Columns (18,19) have mixed types. Specify dtype option on import or set low_memory=False.



In [71]:
meta = pd.read_excel("../data/meta/dias_values.xlsx", header=1)
meta.columns = meta.columns.str.lower()
meta.drop(columns="unnamed: 0", inplace=True)
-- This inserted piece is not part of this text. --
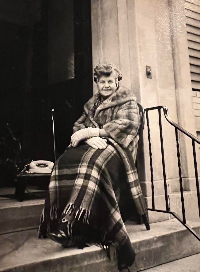 The other side is Morris and Sadie Gold, my grandmother’s parents. While Harry and Bess were from Russia, Morris was born in Romania. He was a pharmacist, which is why an old school pharmacy is pictured behind his portrait, along with his naturalization certificate next to him. The portrait of Sadie shows her sitting at the top of her steps at Chestnut & 20th. Sadie had “manic depressive disorder,” which is what they called bipolar in her time. At the time, the only medication prescribed for this was Lithium. However, Sadie was allergic. She lived her life unmedicated. One story my mom always told me growing up was her setup at the top of her steps. She would take out a chair, a table with her telephone, curlers in, fur coat and gloves on, and often some snacks like her deviled eggs, and sit out on her stoop to talk to people as they walked by. We are so lucky to have a photo of this incredible scene.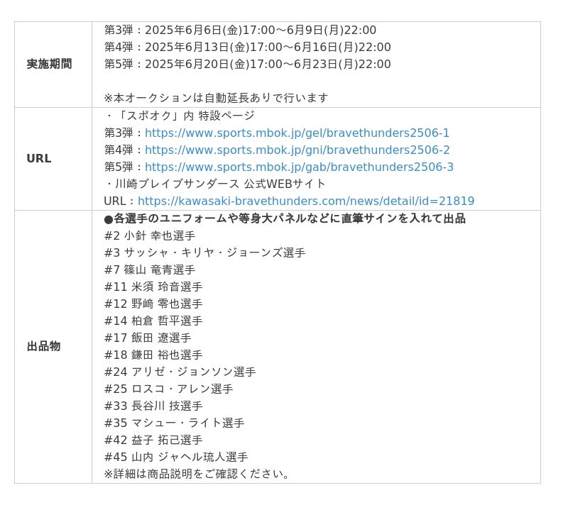 株式会社モバオク 株式会社モバオク(本社:東京都渋谷区、代表取締役社長:小一原 宏樹、以下モバオク)がエンゲート株式会社(本社:東京都中央区、代表取締役:城戸 幸一郎、以下エンゲート)と業務提携し提供するスポーツチーム公式オークションサービス「スポオク」にて、B.LEAGUE所属の川崎ブレイブサンダースによる『川崎ブレイブサンダース 2024-25シーズンオークション』が2025年6月6日(金)からスタートします。

meta[["attribute", "description"]] = meta[["attribute", "description"]].ffill()
meta["attribute"] = meta["attribute"].str.lower()

meta["meaning"] = meta["meaning"].ffill()

meta["value"] = [v.split(", ") if type(v) == str and "," in v else v for v in meta["value"]]
meta = meta.explode("value")

## Data Types
Besides numeric values there are strings in the datasets which need a separate preprocessing:
- `CAMEO_DEU_2015`, `CAMEO_DEUG_2015` and `CAMEO_INTL_2015`
  - have `X` or `XX` values that should be treated as null values
  - partially have numeric values as strings that should be unified
  - are classifications that should be one-hot-encoded
    - `CAMEO_INTL_2015` values are a composition of household and family type and should be separated
- `D19_LETZTER_KAUF_BRANCHE` shows the sector of the last purchase which is ineligible for our segmentation report and model
- `EINGEFUEGT_AM` is the timestamp where the data was created in the database and also unnecessary
- `OST_WEST_KZ` is a flag labeled as `W` or `O` that should be one-hot-encoded

In [72]:
population.dtypes.value_counts()

float64    267
int64       93
object       6
Name: count, dtype: int64

In [73]:
population.select_dtypes(include="object").head()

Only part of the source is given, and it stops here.